Please repeat the records below exactly, but only from the line that contains "WHOLETEA Natural Chai" onward, ending with the last line.

[Collected data entries]
★ ★ ★

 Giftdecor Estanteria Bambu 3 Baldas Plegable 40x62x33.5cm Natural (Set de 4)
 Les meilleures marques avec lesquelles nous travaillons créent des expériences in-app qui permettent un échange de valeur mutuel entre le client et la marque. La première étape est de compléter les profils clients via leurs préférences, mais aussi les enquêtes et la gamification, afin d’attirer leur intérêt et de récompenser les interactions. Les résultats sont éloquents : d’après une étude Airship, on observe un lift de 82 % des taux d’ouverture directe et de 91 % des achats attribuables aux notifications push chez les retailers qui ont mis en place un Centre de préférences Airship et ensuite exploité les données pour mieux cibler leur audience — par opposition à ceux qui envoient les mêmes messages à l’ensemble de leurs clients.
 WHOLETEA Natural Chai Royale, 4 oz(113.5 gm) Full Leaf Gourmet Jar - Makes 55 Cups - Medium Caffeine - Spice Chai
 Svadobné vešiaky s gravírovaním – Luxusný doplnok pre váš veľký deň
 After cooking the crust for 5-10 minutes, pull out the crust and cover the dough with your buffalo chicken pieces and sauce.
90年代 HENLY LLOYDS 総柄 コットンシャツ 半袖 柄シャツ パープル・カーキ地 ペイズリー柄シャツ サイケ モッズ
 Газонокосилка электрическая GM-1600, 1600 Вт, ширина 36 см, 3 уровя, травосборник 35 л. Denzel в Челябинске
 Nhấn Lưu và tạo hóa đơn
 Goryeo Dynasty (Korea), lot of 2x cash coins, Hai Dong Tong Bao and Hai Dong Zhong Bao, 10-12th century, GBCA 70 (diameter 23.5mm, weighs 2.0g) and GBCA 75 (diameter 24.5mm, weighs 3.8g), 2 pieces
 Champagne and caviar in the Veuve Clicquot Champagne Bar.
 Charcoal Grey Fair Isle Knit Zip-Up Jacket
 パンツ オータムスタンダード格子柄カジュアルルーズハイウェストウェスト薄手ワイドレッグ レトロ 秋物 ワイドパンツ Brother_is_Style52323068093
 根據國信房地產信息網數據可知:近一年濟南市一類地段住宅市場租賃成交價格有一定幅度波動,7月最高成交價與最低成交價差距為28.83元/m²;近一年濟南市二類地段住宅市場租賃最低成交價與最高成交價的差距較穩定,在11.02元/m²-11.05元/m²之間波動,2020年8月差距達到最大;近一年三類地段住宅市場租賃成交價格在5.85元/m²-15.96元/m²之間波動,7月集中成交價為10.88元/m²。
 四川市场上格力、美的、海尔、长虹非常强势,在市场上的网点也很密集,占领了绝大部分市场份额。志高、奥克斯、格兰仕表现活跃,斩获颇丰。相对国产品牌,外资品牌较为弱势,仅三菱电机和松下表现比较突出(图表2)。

★ ★ ★

_OUTPUT OF THE EXERCISE:_
 WHOLETEA Natural Chai Royale, 4 oz(113.5 gm) Full Leaf Gourmet Jar - Makes 55 Cups - Medium Caffeine - Spice Chai
 Svadobné vešiaky s gravírovaním – Luxusný doplnok pre váš veľký deň
 After cooking the crust for 5-10 minutes, pull out the crust and cover the dough with your buffalo chicken pieces and sauce.
90年代 HENLY LLOYDS 総柄 コットンシャツ 半袖 柄シャツ パープル・カーキ地 ペイズリー柄シャツ サイケ モッズ
 Газонокосилка электрическая GM-1600, 1600 Вт, ширина 36 см, 3 уровя, травосборник 35 л. Denzel в Челябинске
 Nhấn Lưu và tạo hóa đơn
 Goryeo Dynasty (Korea), lot of 2x cash coins, Hai Dong Tong Bao and Hai Dong Zhong Bao, 10-12th century, GBCA 70 (diameter 23.5mm, weighs 2.0g) and GBCA 75 (diameter 24.5mm, weighs 3.8g), 2 pieces
 Champagne and caviar in the Veuve Clicquot Champagne Bar.
 Charcoal Grey Fair Isle Knit Zip-Up Jacket
 パンツ オータムスタンダード格子柄カジュアルルーズハイウェストウェスト薄手ワイドレッグ レトロ 秋物 ワイドパンツ Brother_is_Style52323068093
 根據國信房地產信息網數據可知:近一年濟南市一類地段住宅市場租賃成交價格有一定幅度波動,7月最高成交價與最低成交價差距為28.83元/m²;近一年濟南市二類地段住宅市場租賃最低成交價與最高成交價的差距較穩定,在11.02元/m²-11.05元/m²之間波動,2020年8月差距達到最大;近一年三類地段住宅市場租賃成交價格在5.85元/m²-15.96元/m²之間波動,7月集中成交價為10.88元/m²。
 四川市场上格力、美的、海尔、长虹非常强势,在市场上的网点也很密集,占领了绝大部分市场份额。志高、奥克斯、格兰仕表现活跃,斩获颇丰。相对国产品牌,外资品牌较为弱势,仅三菱电机和松下表现比较突出(图表2)。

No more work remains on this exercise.